Detection of thyroid nodules in children from areas with different drinking water iodine and fluoride contents in Cangzhou, Hebei Province

YAN Rui-xia 1a , ZHOU Yuan 1a , LI Yan-guo 1a , XU Rui 1a , LI Shu-zhen 1b , WEN Song-chen 2 , LI Xiao-mei 3 , ZHANG Li-ping 1c , MENG Yu-jun 1c , REN Jianli 1c , LIU Ming-qing 1a


1a. Department of Health Management and Services, Cangzhou Medical College, Cangzhou, Hebei 061001, China
1b. Department of Basic Medicine, Cangzhou Medical College, Cangzhou, Hebei 061001, China
1c. Department of Medicine, Cangzhou Medical College, Cangzhou, Hebei 061001, China
2. Department of Nutrition and Food Hygiene, Cangzhou Center for Disease Prevention and Control, Cangzhou, Hebei 061001, China
3. Department of School Health, Cangzhou Health Supervision Bureau, Cangzhou, Hebei 061001, China

Received: 2018-12-12;  Accepted:2019-01-05;  Published: 2019-06-10

Fund project: This study was funded

Corresponding Author: LIU Ming-qing, Email: liumq988@163.com  

Ethics approval  Obtained
Competng interests  None declared

[Background] The detection rate of thyroid nodules has reached 19%-68%. It has been recognized that excessive or lack of iodine in drinking water can cause damage to thyroid morphology and function. However, the combined effects of fluoride and iodine in drinking water on thyroid morphology and function are inconsistent in the studies from different regions.

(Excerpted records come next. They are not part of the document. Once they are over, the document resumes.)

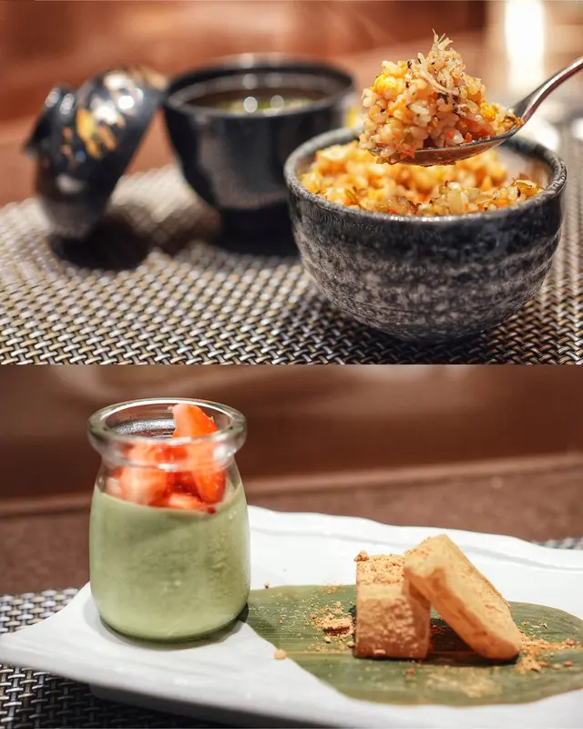 其後仲有充滿鑊氣嘅白飯魚炒飯同精美甜品抹茶布甸🤤 布甸既滑嘟嘟又有茶香👍🏻😍 整個套餐真係由頭驚喜到尾🥰 偶爾破費食餐鐵板燒都好值得👍🏻
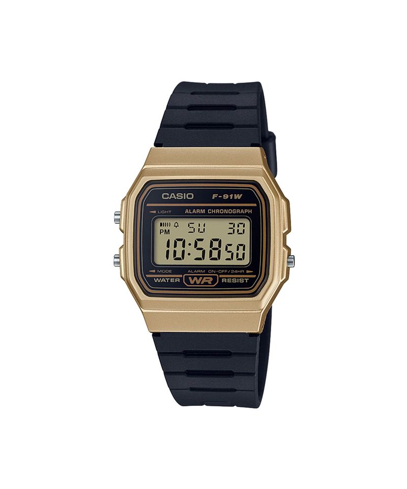 Relógio masculino Casio digital f-91wm-9adf dourado. Desenvolvido em plástico com pulseira preta, visor digital positivo e caixa resina. Possui resistência à água de 3atm e mecanismo digital.
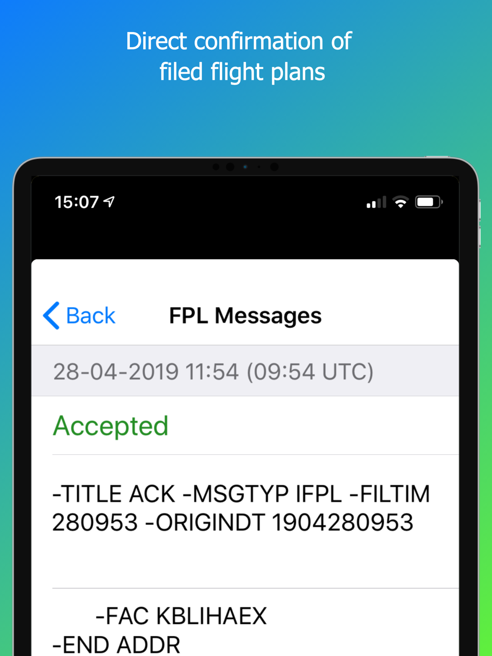 We added Apple Watch support. Your Apple Watch will notify you of changes in the status of your current and upcoming flightplan(s). You can file, delay or cancel your flightplan right from your watch.
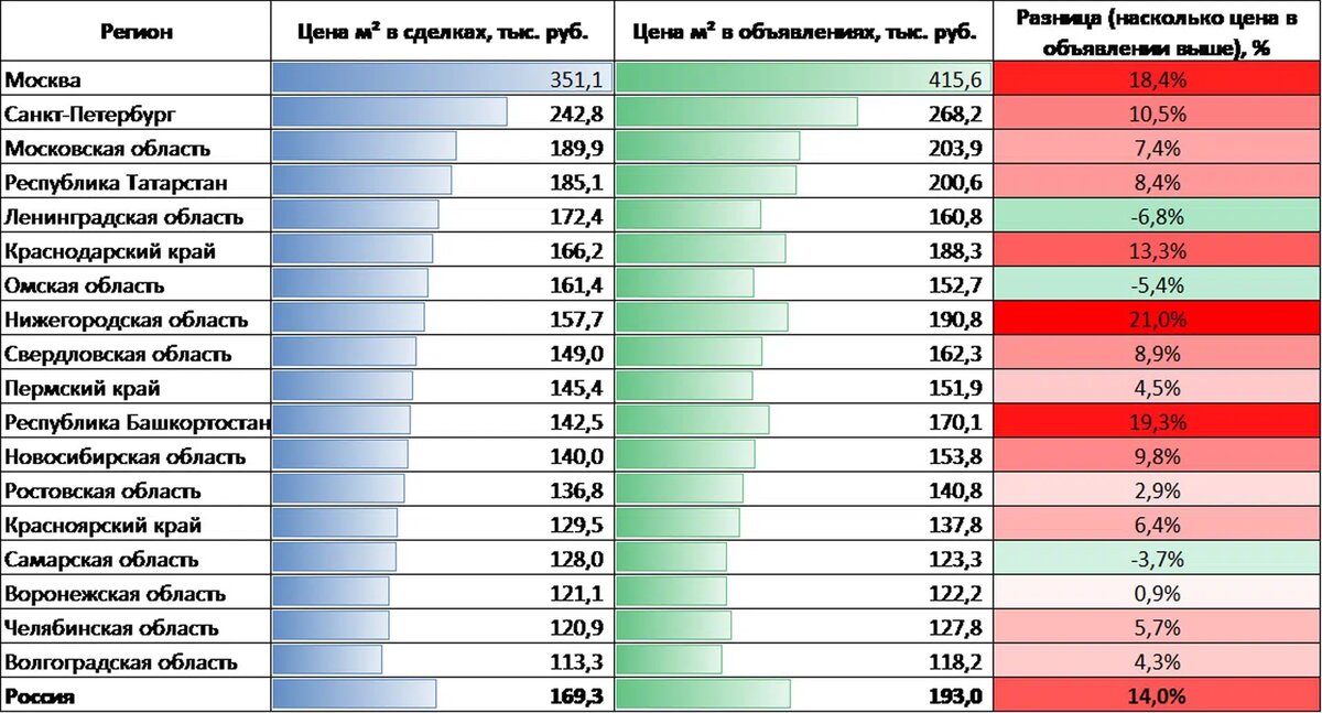 Согласно последним исследованиям «Домклика», цены на квадратный метр жилья в воронежских новостройках выросли на 1,4% за последний месяц. Стоимость квадрата при оформлении сделки в среднем составляет 121,1 тысячу рублей. Есть, правда, небольшая уловка, к которой застройщики вынуждены прибегать, чтобы завлекать покупателей. В объявлениях квадрат стоит в среднем 122,2 тысячи, то есть квартиры в итоге сбывают с небольшой скидкой (около 0,9%).А вот в некоторых других регионах кризис застройщиков ширится во все поля. Возьмем, например, Нижегородскую. Там цены за последний месяц не росли, а падали (на 0,2%), так еще и продавать их приходилось аж на 20% дешевле, чем указывалось в объявлениях. – Как аналитики и прогнозировали в январе, цены на новостройки начали снижаться [в среднем по России – авт.]. Причиной стало замедление продаж, которые семь месяцев подряд не могут превысить 2% от всего объема стройки. На этом фоне у застройщиков нет возможности повысить стоимость, чтобы компенсировать и

 [Objective] This study intends to investigate the detection of thyroid nodules in children with different iodine and fluoride contents in drinking water from Cangzhou, Hebei Province, and to provide preliminary data to explore whether iodine and fluoride contents are associated with the detection of thyroid nodules in children.

 [Methods] By the method of multistage stratified cluster sampling, in excess iodine area, deficient iodine area, normal iodine area, excess iodine-fluoride area (the area was further divided into three subgroups), and deficient iodine and excess fluoride area in Cangzhou, the study examined thyroid nodules of local children aged 8-15 years in primary or secondary schools from 1-2 administrative villages by color Doppler ultrasonography.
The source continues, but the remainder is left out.